Anna and Simon had been inseparable since meeting six months earlier at a Cincinnati dance club. Simon, who at five foot ten stood a few inches taller than she, was an edgy, buzzing sort of handsome. He had a sharp jaw, a strong nose, bright brown eyes, and an Adam's apple that jutted out as if he were still sixteen. In his uniform of dark jeans or corduroys, untucked button-down shirts that hugged his compact frame, and scuffed black oxfords, he had the urban hipster look down pat. Anna, 21, was bright, stylish, and, as Simon often told her, pretty enough to think seriously about modeling. She could be a total drama queen and knew just how to piss Simon off, but the times they lay awake laughing all night made up for it.

Simon was the son of working-class Irish immigrants, the oldest of five. He was a self-taught guitar player who'd spend hours learning a five-second lick. He was a lady charmer who never gave an insincere compliment, a captivating storyteller, an avid drinker, and a terrible driver whose license had been revoked. He didn't back down from an argument, and often invoked one just to get a rise. His personality was exemplified by an anecdote from a friend I interviewed for my profile: In elementary school, a teacher had occasionally strapped Simon to his chair with a belt just to get him to sit still.

So I wasn't altogether surprised when I got word, two months later, that he was in jail.

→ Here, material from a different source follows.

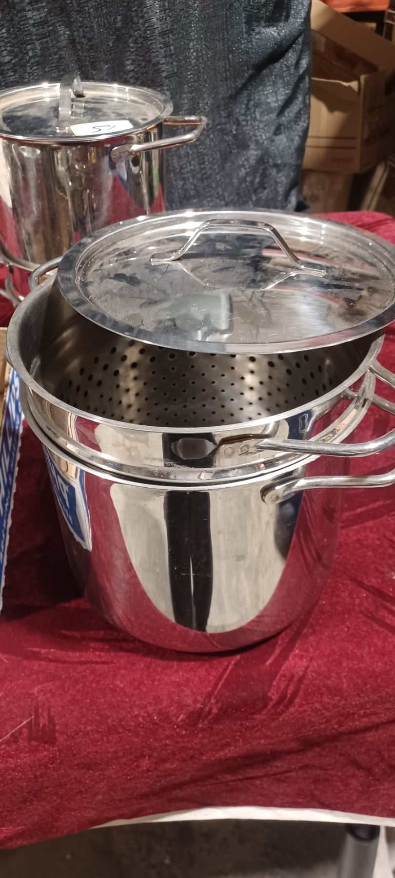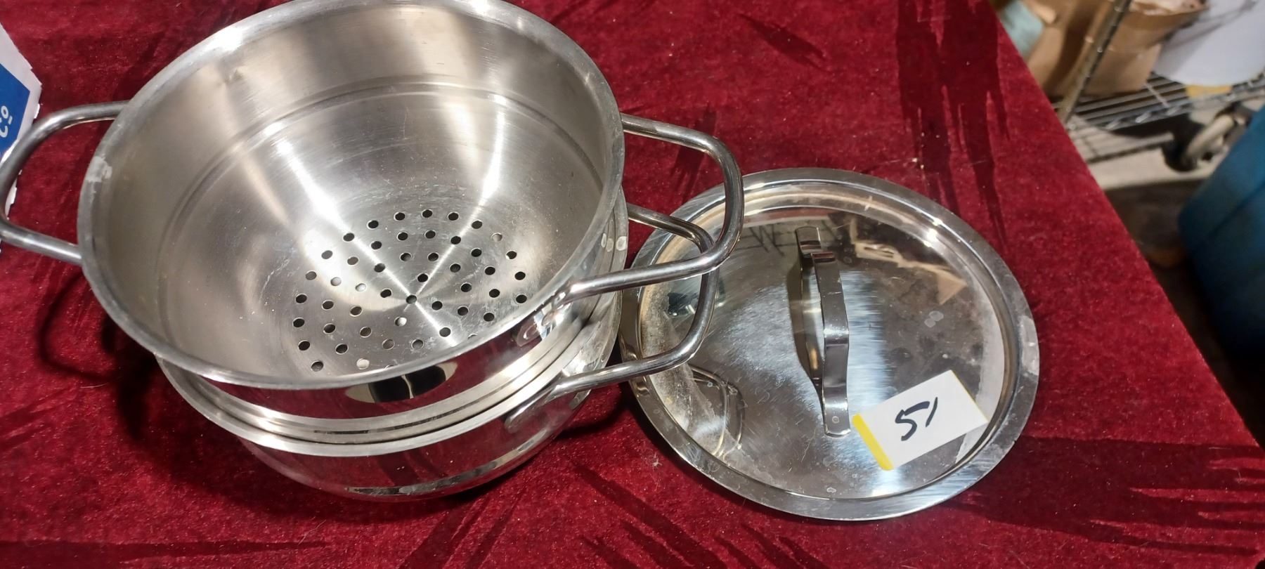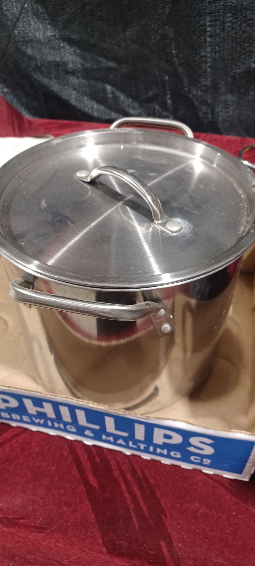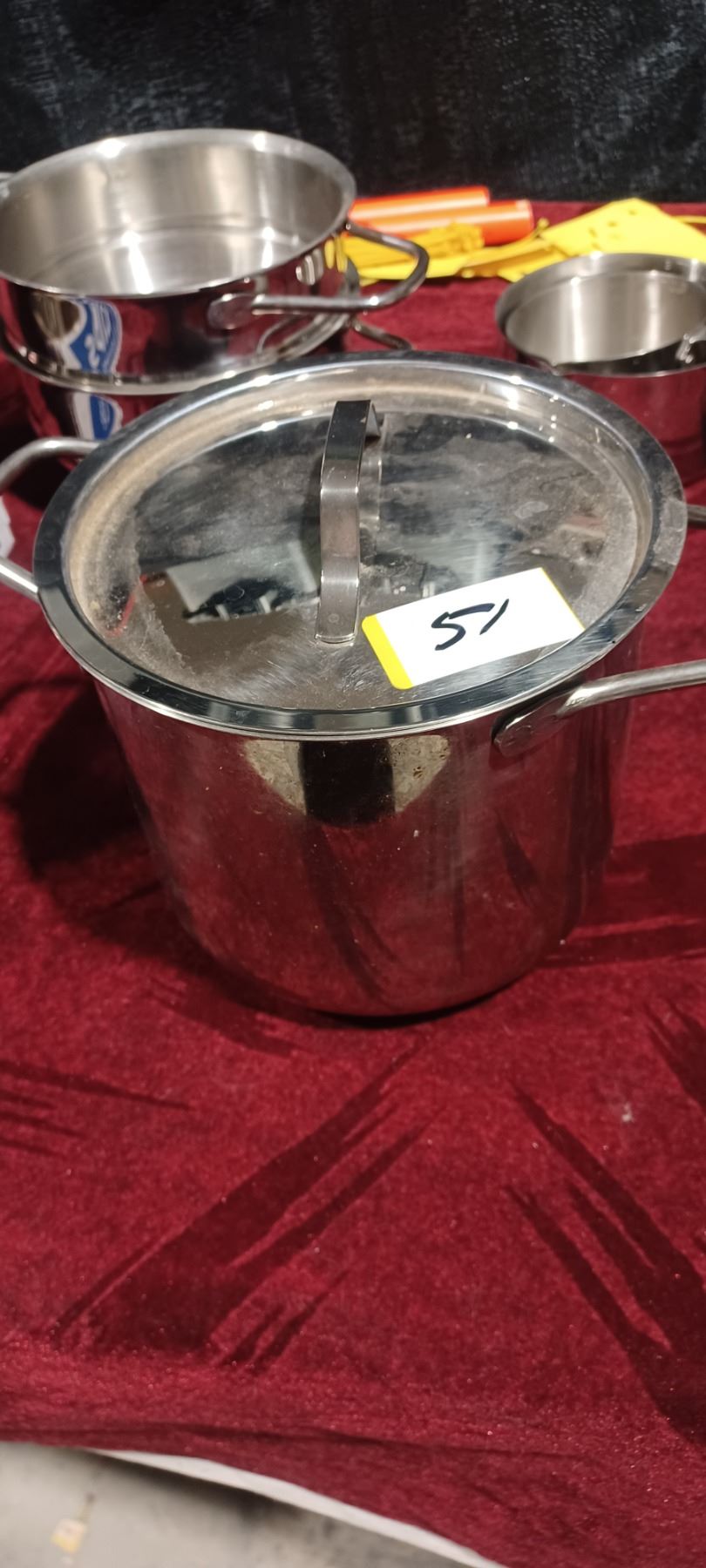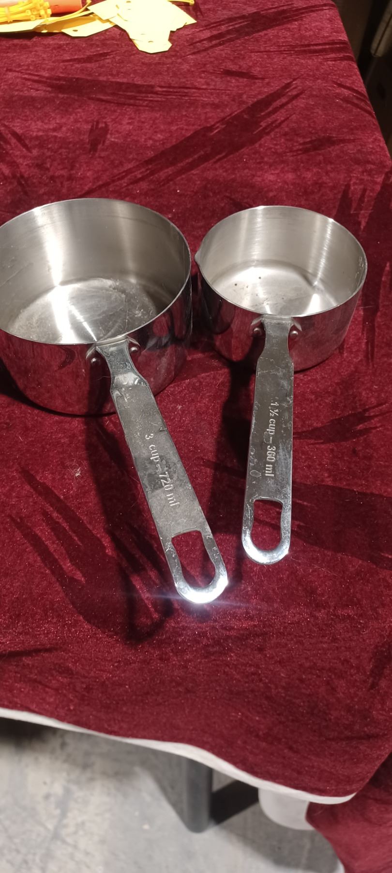 STAINLESS STEEL POT AND TWO MEASURING CUPS

Simon's 28th birthday had fallen on a Wednesday, but he and Anna agreed to celebrate it on Friday night. However, her regular babysitting gig ran hours late, and when she finally stepped through the doorway he'd just finished a bottle of Jack Daniel's. He became irate, whacking a painting off the wall. She told him to get out. He refused. When she picked up the phone to call the cops, he snatched it from her and hurled it across the room. Then he threw it again to make sure it was broken. Anna slipped into the bedroom and dialed 911 on her cell phone.

"He shoved me, but he didn't hurt me," Anna said four days later when I called to find out why he'd missed school. "I was scared and I overreacted, but they won't drop the charges."

Simon's bail was $10,000, and it would cost a grand to get him out. Anna said there was no way he'd disappoint his parents by calling them, and she doubted they could afford it even if he did. I mulled it over on the long drive to Santa Rita Jail, well aware that it would be insane to lay down cash I didn't have for a classmate I hardly knew. Once I arrived, I learned that Simon couldn't have visitors, but would be arraigned the next day in Oakland and then released. Professor Henry, who'd taken an instant shine to Simon, met me outside the courtroom — the same one we'd all visited for his class a couple weeks earlier.

Simon was released that night with walking directions to Dublin BART, a ticket with a few bucks on it, and a firm admonition to stay away from Anna. He headed straight for the journalism school, where he scarfed down some food left over from a reception and slept on the beat-up couch in the student lounge.

"I feel like such a fool," he told me the next day during a long talk in the rose garden north of campus. His version of events was similar to Anna's. "I was a jerk, but I didn't touch her," he said, twisting his hands together in his lap. "Look at me — I could hardly squash an insect." I believed him.

He spun his five days in jail as a positive experience. He'd learned to conquer boredom. His cellmates' lives were riveting. Everyone had respected his status as a journalist and grad student. "I could write hundreds of pages on it," he said. In the following weeks, he did.

The police report, which I glimpsed last month for the first time, unearthed no shocking details. I was surprised to read about a hole in the bedroom wall where he had reportedly thrown a television during a heated argument a few weeks prior. And there was a final remark: "Anna expressed a reluctance to press charges, and with youthful optimism stated her belief that the two would either work things out or part company forever."

They soon did the latter. Simon slept on the floor of a school friend's empty apartment before moving into a room in North Oakland. One of his new roommates was a drug peddler who specialized in Ecstasy. Ironically, I eventually learned, it was one of the few drugs Simon didn't like.